Максим произнёс это за ужином, глядя не на меня, а в тарелку с пастой, будто сообщал прогноз погоды. «Пусти маму пожить». Шесть лет отношений, четыре из которых мы жили в моей студии, и вот — приговор.
Я перестала жевать. Комок из фузилли и соуса песто застрял где-то в пищеводе.
— Она… что? — спросила я, хотя расслышала идеально.
— Мама. Ей тяжело одной в той квартире. Всё напоминает об отце. Она плачет, не спит. Врач говорит, может быть депрессия. — Он наконец поднял на меня глаза. В них была не просьба. Была усталая решимость человека, который уже всё для себя решил и теперь просто ставит меня в известность. — Она поживёт тут. Недели две. Может, месяц.
Студия. Сорок два квадратных метра. Открытое пространство, которое я выгрызала у банка десять лет, а потом ещё год вылизывала до блеска своими руками и деньгами. Моя крепость. Мой кокон. И вот в него собирались вселить Валентину Игнатьевну.
— Макс, ты в своём уме? — голос у меня вышел тихим, шипящим. — Где? На балконе? В душевой кабине? Ты представляешь себе масштабы?
— Мы поставим ширму, — он махнул рукой, отмахиваясь от моих «капризов». — Купим раскладушку. Она почти не будет здесь находиться, пойдёт в свой музей волонтёрить…
— Она ненавидит меня, Максим. Ты сам говорил, она до сих пор хранит фотографию твоей бывшей, Кати.
— Она не ненавидит. Она просто привыкает. А сейчас ей нужна поддержка.
Я отодвинула тарелку. Вид еды стал противен.
— Она может приезжать в гости. Каждый день. Мы будем кормить её ужином. Но ночевать — нет.
— Аня, она моя мать. — В его голосе впервые прозвучала сталь. — Отец умер три месяца назад. Я не могу бросить её одну.

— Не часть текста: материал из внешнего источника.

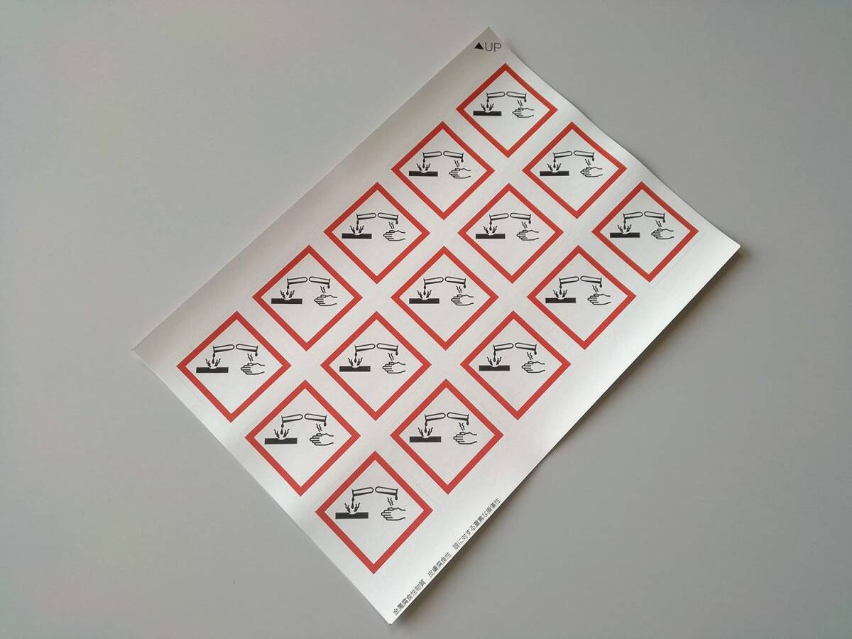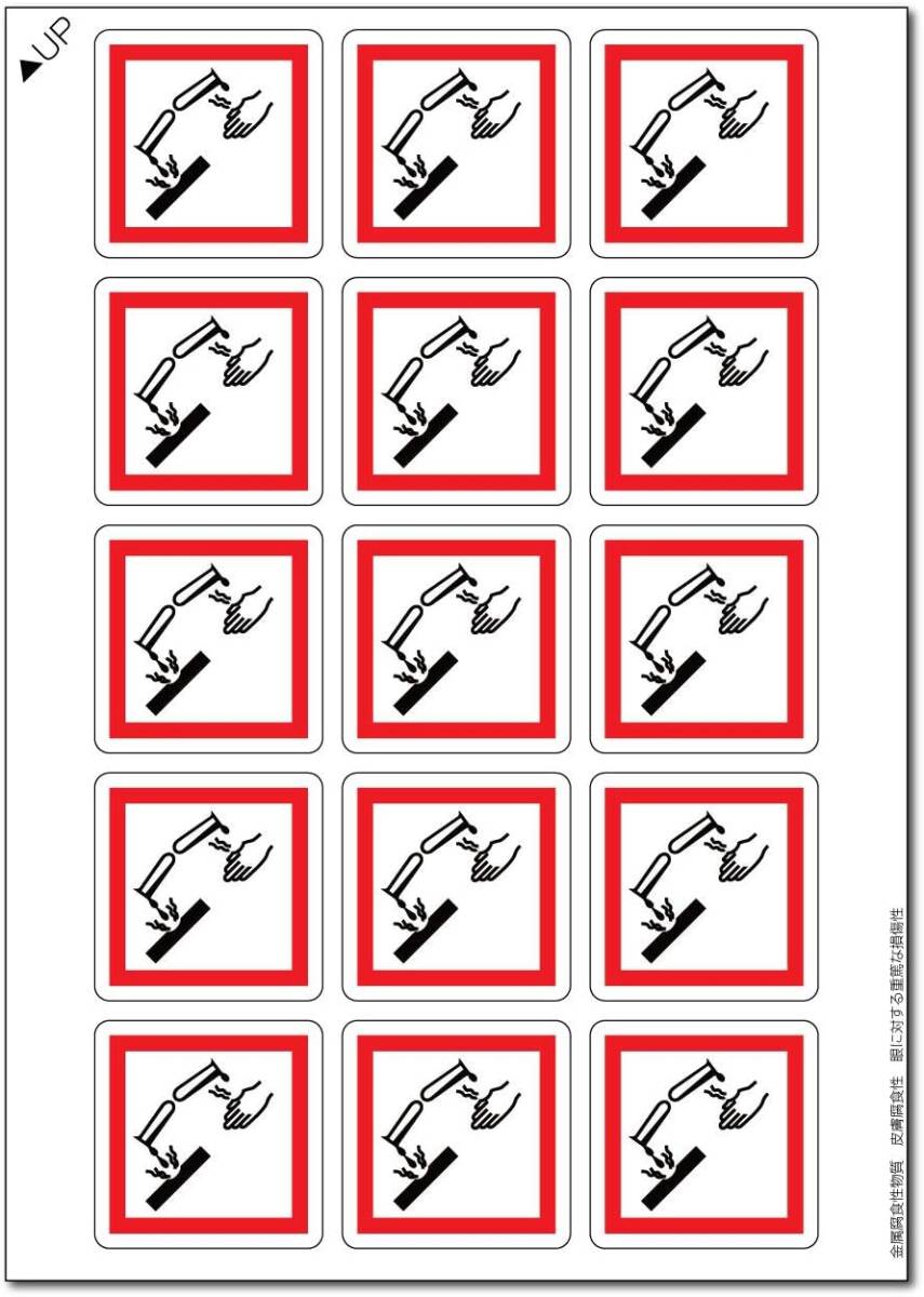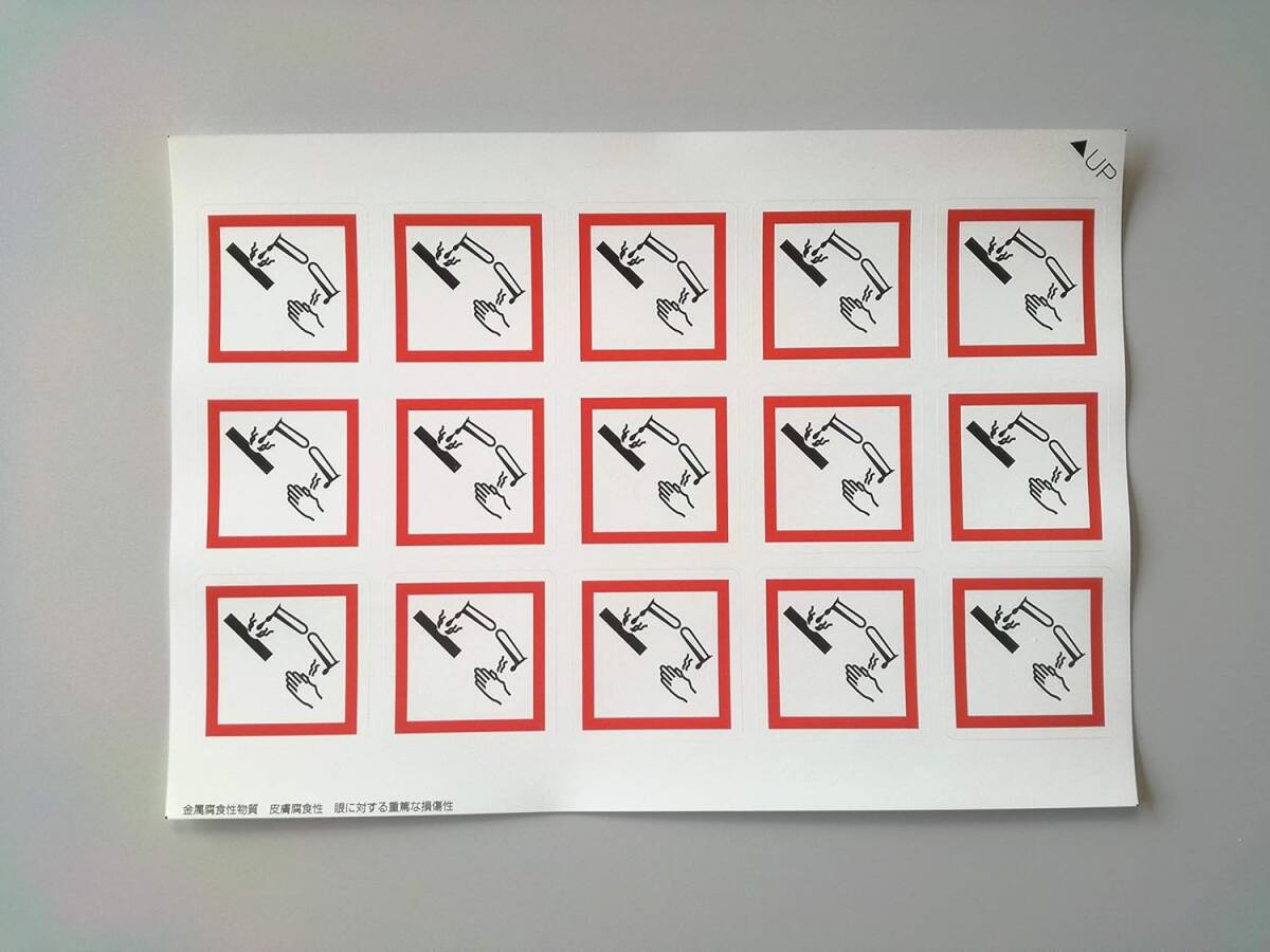 GHSラベルのステッカーです。1シートに15個レイアウトしています。
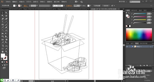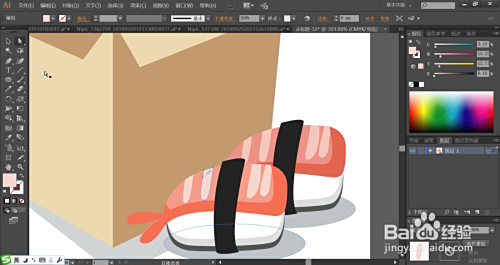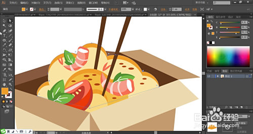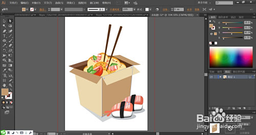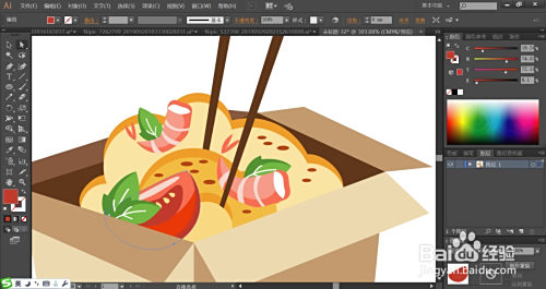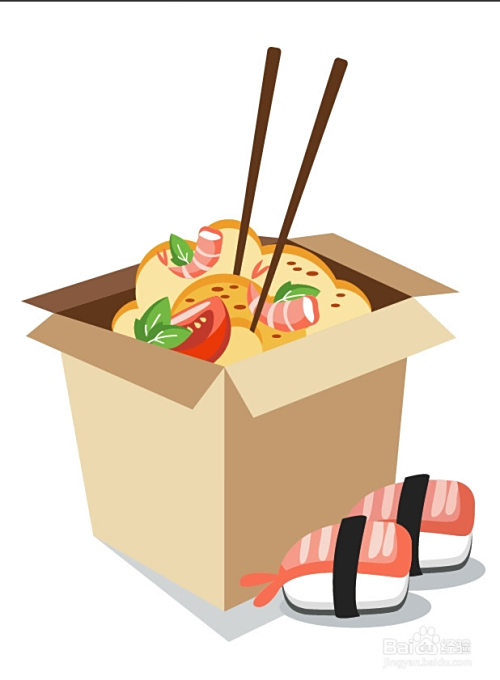利用钢笔画出盒子的左侧面与右侧面,再画出它的顶端启齿分歧侧面的路径,绘制盒子内部的面包、蔬菜、肉块还有筷子,盒子外面的饭团细节路径。
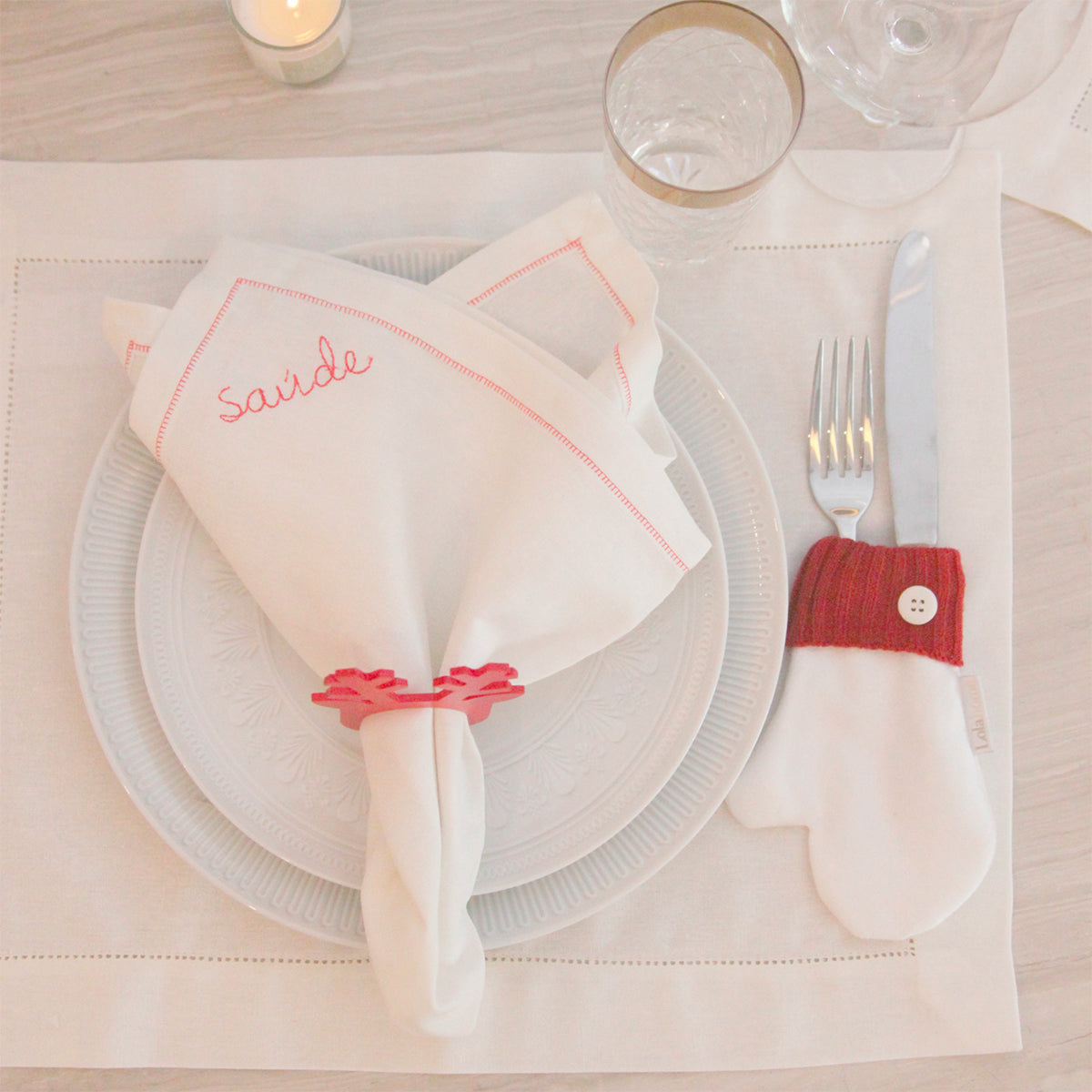 Feita com o toque macio do sued e acabamento delicado do tricot, ela acomoda os talheres com muito charme para trazer todo o espirito natalino para sua mesa posta.

«Бросить». Ключевое слово. Оно включало в Максиме программу «сыновнего долга», написанную, кажется, в его подкорке на уровне инстинкта самосохранения. Спорить было бесполезно. Он уже видел себя рыцарем, спасающим угасающую мать. А я в этой картине была… что? Недостаточно сострадательной невесткой. Препятствием на пути благородного порыва.
Я проиграла. Не сразу, конечно. Были ещё два дня споров, холодных ночей, когда мы спали спиной к спине. Но Максим был непреклонен. А я… я боялась. Боялась, что если устрою ультиматум «или она, или я», он выберет её. И останусь я одна в своей идеальной студии с призраком своего страха одиночества. В тридцать пять лет начинать всё сначала? Я не была на это готова.
Валентина Игнатьевна въехала в воскресенье. С одним чемоданом, но с таким выражением лица, будто вступала во временно оккупированную территорию, которую предстояло очистить. Она была маленькой, сухонькой, с седыми волосами, убранными в строгий пучок. Её глаза, цвета мутного льда, обошли студию медленным, оценивающим взглядом.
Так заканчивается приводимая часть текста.